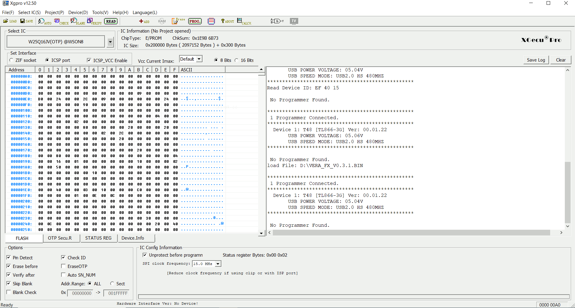 - Setup interface: Choose ICSP port and uncheck ICSP_VCC_Enable
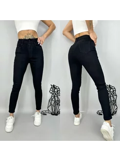 Джинсы черные с высокой посадкой зауженные
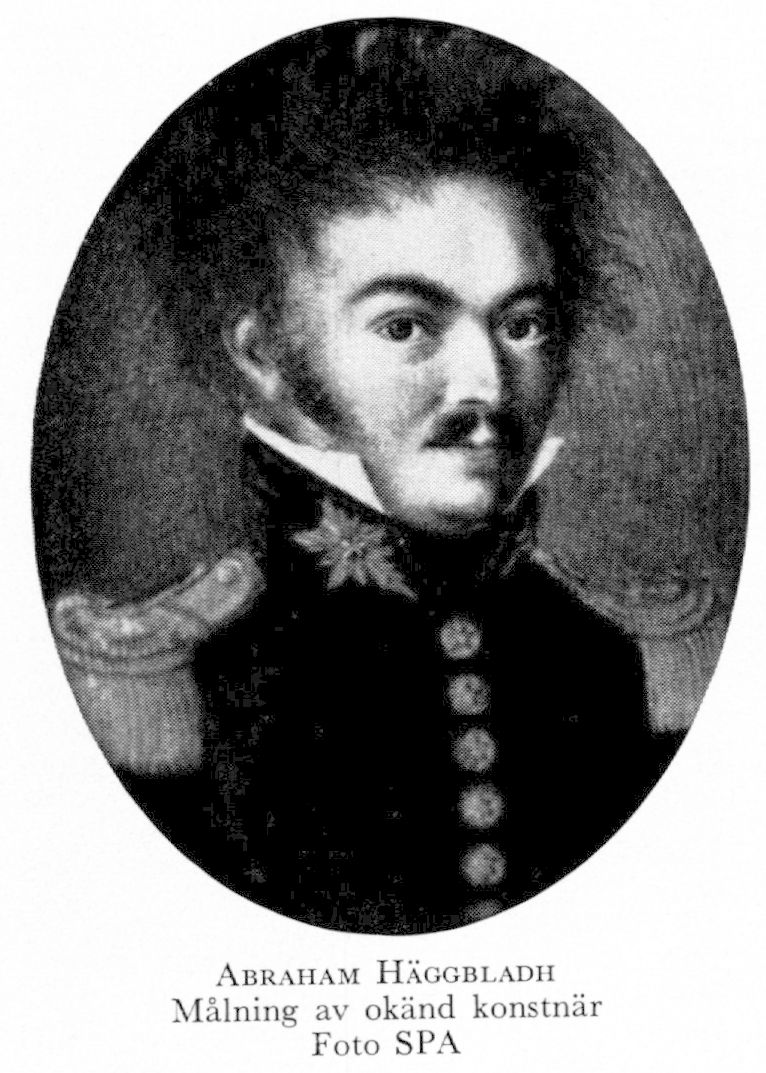 Häggbladh, Abraham, f 1 jan 1789 i Vasa, Finland, d 20 mars 1848 i Sthlm, Finska. Föräldrar: skrivaren Abraham H o Maja Stina Öberg. Student vid Åbo akad 30 sept 07, renritare vid fältmätn:brigaden av ingkåren 23 nov 12, underlöjtn där 6 april 13, officersex 19 mars 19, löjtn 30 juni 20, kapten 4 juli 28, major i armén 10 febr 37, vid topografiska kåren 3 febr 43, överstelöjtn 28 nov 45. — LKrVA 31, LVA 46.
********
THE TASK: Exactly as written, return every line of the listing, but not the pictures.

EXERCISE SOLUTION:
 - Setup interface: Choose ICSP port and uncheck ICSP_VCC_Enable
 Джинсы черные с высокой посадкой зауженные
 Häggbladh, Abraham, f 1 jan 1789 i Vasa, Finland, d 20 mars 1848 i Sthlm, Finska. Föräldrar: skrivaren Abraham H o Maja Stina Öberg. Student vid Åbo akad 30 sept 07, renritare vid fältmätn:brigaden av ingkåren 23 nov 12, underlöjtn där 6 april 13, officersex 19 mars 19, löjtn 30 juni 20, kapten 4 juli 28, major i armén 10 febr 37, vid topografiska kåren 3 febr 43, överstelöjtn 28 nov 45. — LKrVA 31, LVA 46.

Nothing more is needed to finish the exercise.